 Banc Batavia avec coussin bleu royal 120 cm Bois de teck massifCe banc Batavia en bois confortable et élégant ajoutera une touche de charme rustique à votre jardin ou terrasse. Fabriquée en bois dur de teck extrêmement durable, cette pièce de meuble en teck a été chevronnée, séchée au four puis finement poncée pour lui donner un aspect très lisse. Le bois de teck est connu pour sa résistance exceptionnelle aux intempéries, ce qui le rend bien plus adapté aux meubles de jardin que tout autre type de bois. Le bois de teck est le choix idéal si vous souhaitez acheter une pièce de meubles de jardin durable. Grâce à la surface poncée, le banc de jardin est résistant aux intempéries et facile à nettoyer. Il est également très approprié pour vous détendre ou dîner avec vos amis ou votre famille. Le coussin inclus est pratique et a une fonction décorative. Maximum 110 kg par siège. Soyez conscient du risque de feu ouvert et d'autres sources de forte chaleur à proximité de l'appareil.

...

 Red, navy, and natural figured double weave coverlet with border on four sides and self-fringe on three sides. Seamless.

...

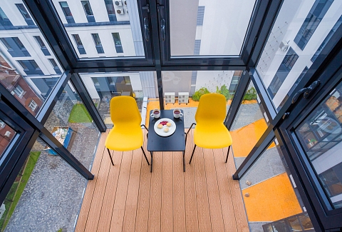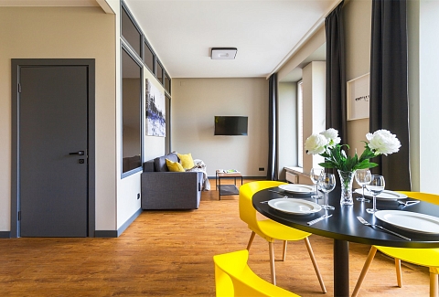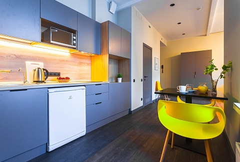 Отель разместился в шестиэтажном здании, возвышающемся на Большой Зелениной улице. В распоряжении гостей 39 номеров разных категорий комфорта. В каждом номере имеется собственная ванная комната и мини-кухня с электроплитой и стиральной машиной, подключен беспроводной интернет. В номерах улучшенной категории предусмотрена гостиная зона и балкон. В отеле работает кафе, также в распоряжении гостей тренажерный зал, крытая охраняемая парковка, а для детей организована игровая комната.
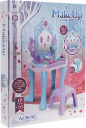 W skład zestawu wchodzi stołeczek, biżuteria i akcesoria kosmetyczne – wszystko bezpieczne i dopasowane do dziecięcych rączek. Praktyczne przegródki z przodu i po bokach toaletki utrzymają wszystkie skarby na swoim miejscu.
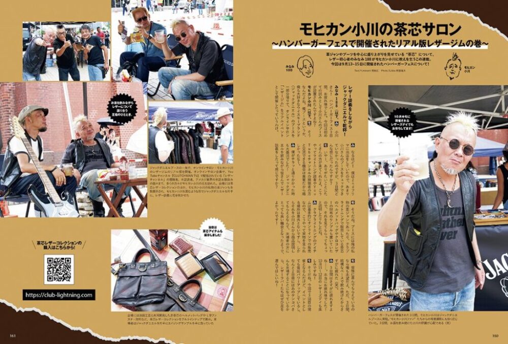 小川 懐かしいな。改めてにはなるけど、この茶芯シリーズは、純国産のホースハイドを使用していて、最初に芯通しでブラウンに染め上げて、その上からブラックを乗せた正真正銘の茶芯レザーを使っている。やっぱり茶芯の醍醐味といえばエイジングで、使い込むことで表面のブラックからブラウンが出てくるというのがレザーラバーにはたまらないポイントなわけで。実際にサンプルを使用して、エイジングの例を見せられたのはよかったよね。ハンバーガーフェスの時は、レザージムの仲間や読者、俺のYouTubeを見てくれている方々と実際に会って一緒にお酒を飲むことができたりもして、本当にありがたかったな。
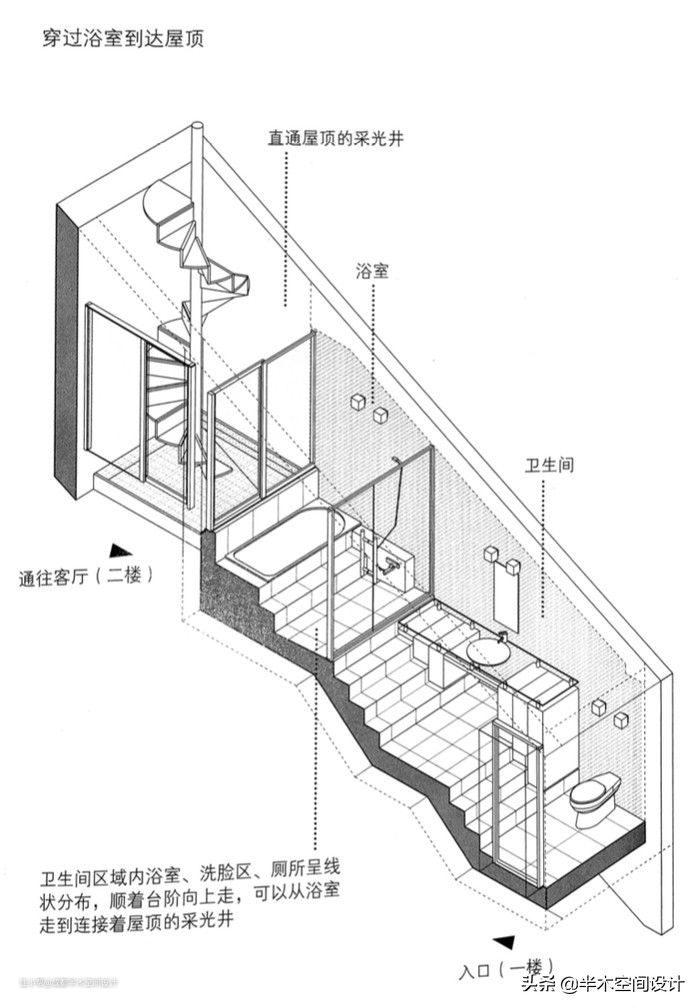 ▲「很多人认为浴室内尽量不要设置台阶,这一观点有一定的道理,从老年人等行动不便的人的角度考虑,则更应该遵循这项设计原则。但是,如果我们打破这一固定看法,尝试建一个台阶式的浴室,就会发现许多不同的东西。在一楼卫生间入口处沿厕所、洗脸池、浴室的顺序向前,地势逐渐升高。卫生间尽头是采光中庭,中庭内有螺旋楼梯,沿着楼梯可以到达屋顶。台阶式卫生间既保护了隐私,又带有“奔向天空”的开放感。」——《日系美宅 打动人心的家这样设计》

▸ **Task item**: Report the lines above that have the word "four" in them.

▸ **The answer**:
 Banc Batavia avec coussin bleu royal 120 cm Bois de teck massifCe banc Batavia en bois confortable et élégant ajoutera une touche de charme rustique à votre jardin ou terrasse. Fabriquée en bois dur de teck extrêmement durable, cette pièce de meuble en teck a été chevronnée, séchée au four puis finement poncée pour lui donner un aspect très lisse. Le bois de teck est connu pour sa résistance exceptionnelle aux intempéries, ce qui le rend bien plus adapté aux meubles de jardin que tout autre type de bois. Le bois de teck est le choix idéal si vous souhaitez acheter une pièce de meubles de jardin durable. Grâce à la surface poncée, le banc de jardin est résistant aux intempéries et facile à nettoyer. Il est également très approprié pour vous détendre ou dîner avec vos amis ou votre famille. Le coussin inclus est pratique et a une fonction décorative. Maximum 110 kg par siège. Soyez conscient du risque de feu ouvert et d'autres sources de forte chaleur à proximité de l'appareil.
 Red, navy, and natural figured double weave coverlet with border on four sides and self-fringe on three sides. Seamless.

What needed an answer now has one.